Jun 8 11:43:57 hostname mysqld: 160608 11:43:57 InnoDB: Waiting for the background threads to start
Jun 8 11:43:58 hostname mysqld: 160608 11:43:58 Percona XtraDB (http://www.percona.com) 5.5.41-37.0 started; log sequence number 876619301144
Jun 8 11:43:58 hostname mysqld: 160608 11:43:58 [ERROR] Aborting
Jun 8 11:43:58 hostname mysqld:
Jun 8 11:44:00 hostname mysqld: 160608 11:44:00 [Note] WSREP: Closing send monitor...
Jun 8 11:44:00 hostname mysqld: 160608 11:44:00 [Note] WSREP: Closed send monitor.
[...]

That’s all that’s logged in the syslog info (mysqld_safe is set to use syslog in the config files).

I’ve run innochecksum on all the InnoDB files pulled over by the SST and they look fine.

As this node is provisioned via xCAT I’ve reinstalled it to see if there was something odd locally and it breaks in the same way.

Basically as far as I can tell all I have so far to go on is:

Jun 8 11:43:58 hostname mysqld: 160608 11:43:58 [ERROR] Aborting

which isn’t a great deal to go on, to say the least. :-/

Any ideas on how to debug this please?

All the best,
Chris

Chris,

Can you post more of messages, before
11:43:54 hostname -wsrep-sst-joiner: Move successful, removing /var/lib/mysql//.sst If you can post from the moment mysqld started, that would be helpful.
Is there any messages in dmesg?

Any reason you are still using 5.5? I’d try with 5.6 too

Hiya,

Interesting, I’d been concentrating on the lines:

Jun 8 11:43:53 barcoo-test -innobackupex-move: 160608 11:43:53 [01] Moving ./gitorious/messages.ibd to /var/lib/mysql/gitorious/messages.ibd
Jun 8 11:43:53 barcoo-test -innobackupex-move: 160608 11:43:53 [01] ...done
Jun 8 11:43:53 barcoo-test -innobackupex-move: 160608 11:43:53 [01] Moving ./gitorious/taggings.ibd to /var/lib/mysql/gitorious/taggings.ibd
Jun 8 11:43:53 barcoo-test -innobackupex-move: 160608 11:43:53 [01] ...done
Jun 8 11:43:53 barcoo-test -innobackupex-move: 160608 11:43:53 [01] Moving ./gitorious/merge_request_versions.frm to /var/lib/mysql/gitorious/merge_request_versions.frm
Jun 8 11:43:53 barcoo-test -innobackupex-move: 160608 11:43:53 [01] ...done
Jun 8 11:43:53 barcoo-test -innobackupex-move: 160608 11:43:53 [01] Moving ./gitorious/merge_requests.frm to /var/lib/mysql/gitorious/merge_requests.frm
Jun 8 11:43:53 barcoo-test -innobackupex-move: 160608 11:43:53 [01] ...done
Jun 8 11:43:53 barcoo-test -innobackupex-move: 160608 11:43:53 [01] Moving ./gitorious/groups.frm to /var/lib/mysql/gitorious/groups.frm
Jun 8 11:43:53 barcoo-test -innobackupex-move: 160608 11:43:53 [01] ...done
Jun 8 11:43:53 barcoo-test -innobackupex-move: 160608 11:43:53 [01] Moving ./gitorious/archived_events.frm to /var/lib/mysql/gitorious/archived_events.frm

but interestingly the line immediately after that and before the “Move successful” one is:

Jun 8 11:43:53 barcoo-test rsyslogd-2177: imuxsock begins to drop messages from pid 17357 due to rate-limiting

So I’ll redo this SST sending the logs elsewhere so that’s not an issue.

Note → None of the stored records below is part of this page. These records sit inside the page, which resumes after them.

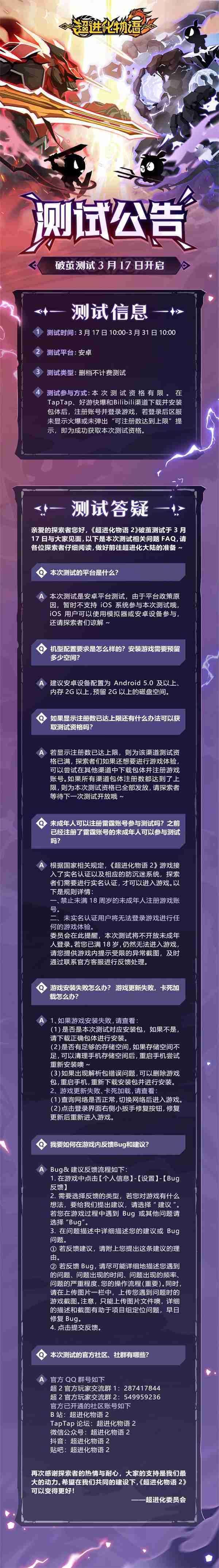 《超进化物语2》首次限号不计费删档测试——「破茧测试」将于3月17日开启,,,随我们确认测试细节,,,明天迈出踏上超进化大陆的第一步吧!!
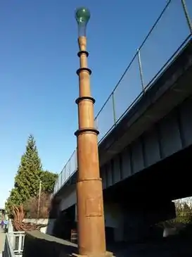 The sculpture, designed by Ean Eldred and Rigga and completed in 2001, was funded by the City of Portland Development Commission's Percent for Art program. It is one of four by Rigga along the esplanade; the others are Alluvial Wall by Peter Nylen, Echo Gate by Eldred and Ghost Ship by James Harrison.[1] Stack Stalk is composed of mild steel, stainless steel, glass float and electric light, and measures 25 feet (7.6 m) x 2 feet (0.61 m) x 2 feet (0.61 m). The abstract lamp post contains graduated cylinders stacked to support the glass float.[2] cultureNOW describes it as "Part smoke stack, part sheaf of wheat... a beacon holding a Japanese glass fishing float from the coast up to the sky."[3]
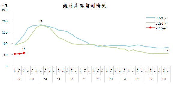 1月下旬,線材庫存58萬噸,環(huán)比增加4萬噸,上升7.4%,庫存升幅擴大;比年初增加2萬噸,上升3.6%;比上年同期減少47萬噸,下降44.8%。
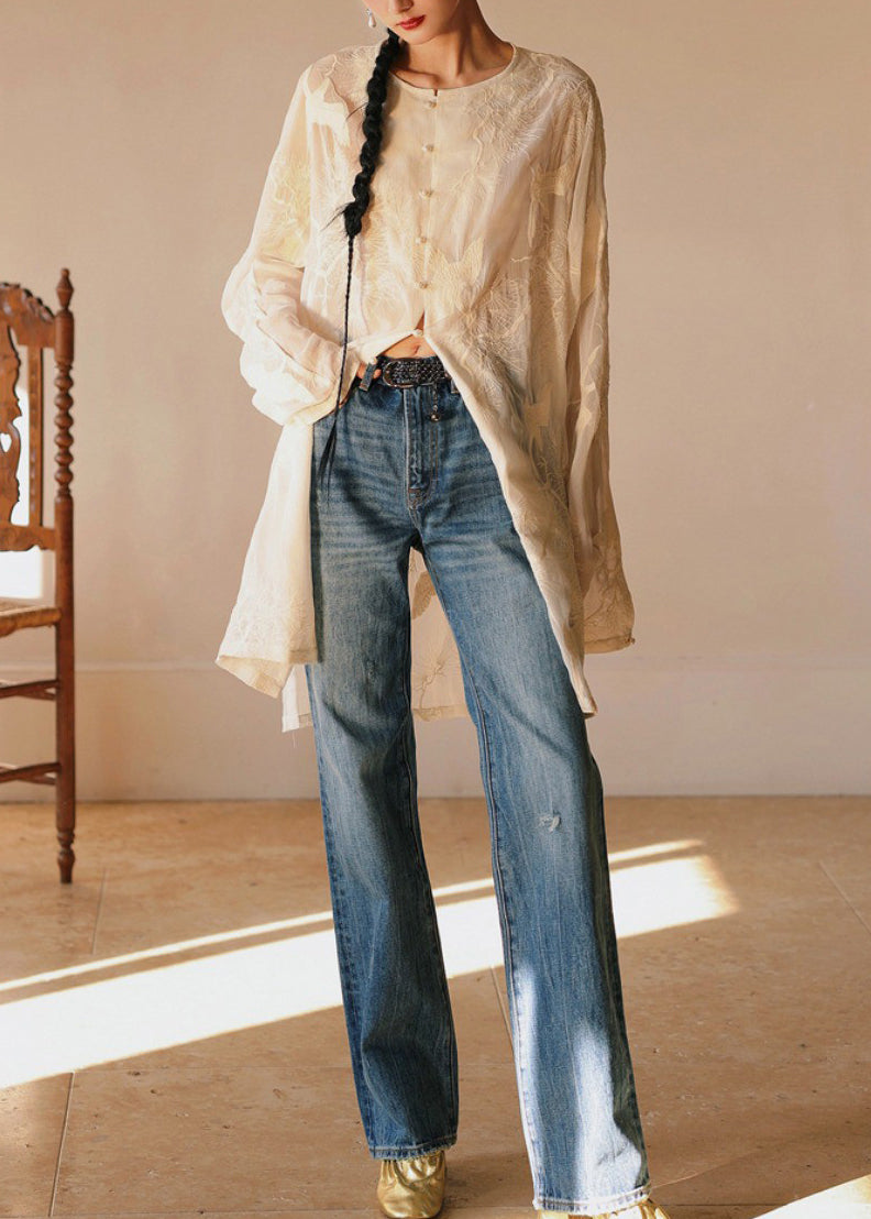 New Retro Beige Embroidered Shirts Dress Long Sleeve
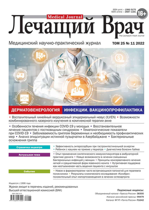 Научно-практический медицинский журнал, рекомендован Высшей Аттестационной Комиссией (ВАК).
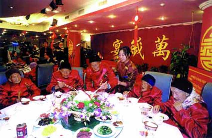 中国税务 2003年 第1期 图片新闻 万岁宴奇观 ◎ 友谊 新通 国勤 夏军 上一篇 下一篇 位列全国六大长寿之乡的江苏省如皋市,在145万人口中百岁以上老人多达172人。全市平均预期寿命为75.5岁,比世界平均预期寿命高出整整10岁。为传承尊老敬老的传统美德,弘扬良好的社会道德风尚,如皋市委、市政府于2002年10月隆重举办了由百位百岁寿星参加的“太平盛世万岁宴”。 >>阅读全文
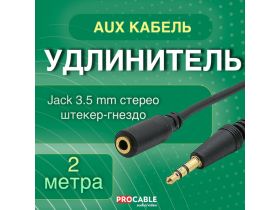 Jack 3.5 mm штекер-гнездо 2 м. Шнур-удлинитель для наушников, Jack 3.5 mm стерео штекер-гнездо 2 метра 102953282037
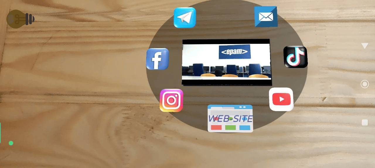 Il biglietto da visita AR sviluppato del Dipartimento di Ingegneria Informatica e Programmazione contiene una varietà di contenuti: un video clip con informazioni sul dipartimento, collegamenti utili al sito e ai social network, informazioni sulla gestione del dipartimento. Ha anche la possibilità di cambiare lingua (ucraino/inglese – dipartimento КИП/CEP). Quando si scansiona un biglietto da visita con uno smartphone, avviene l'immersione nella realtà aumentata. Inoltre, grazie al rinnovamento dei materiali, puoi sempre vedere le informazioni attuali. La caratteristica della carta è l'interattività quando l'utente interagisce con le informazioni.
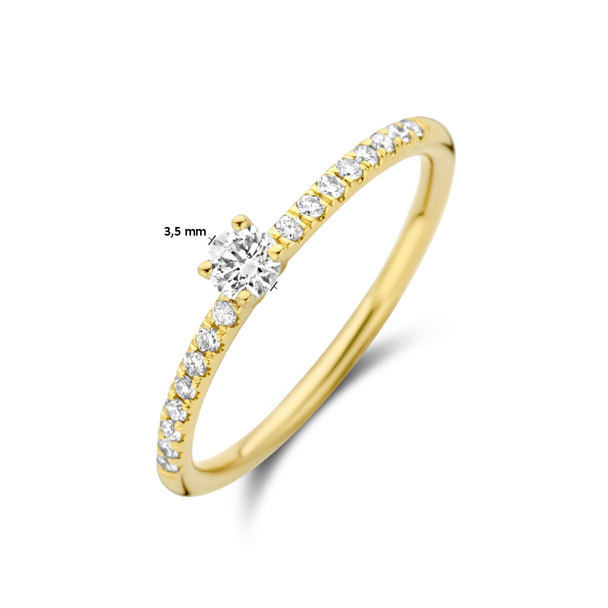 14k Geelgouden ring uitgevoerd met schitterende diamanten. De ring heeft een breedte van 3.5mm en het diamantgewicht is 0.30ct. De solitair diamant heeft een diamantgewicht van 0.15ct.

I wonder what that’s hiding? Should have spotted it before… :frowning:

Why not 5.6? Because I’ve inherited this and don’t want to make any big changes whilst it’s in production. Plus having 1 node down out of a 3 node cluster means bad things will happen if I take another node out to try and do a rolling upgrade. :frowning:

All the best,
Chris

OK rerun finished, but it appears it doesn’t capture the xtrabackup output as before, so all I see is it clean up the /var/lib/mysql directory first and then it logs:

removed directory: `/var/lib/mysql/rtdb'
WSREP_SST: [INFO] Waiting for SST streaming to complete! (20160609 13:40:00.588)
160609 13:54:51 [Note] WSREP: 0 (db3): State transfer to 1 (barcoo-test) complete.
160609 13:54:51 [Note] WSREP: Member 0 (db3) synced with group.
WSREP_SST: [INFO] Preparing the backup at /var/lib/mysql//.sst (20160609 13:55:05.014)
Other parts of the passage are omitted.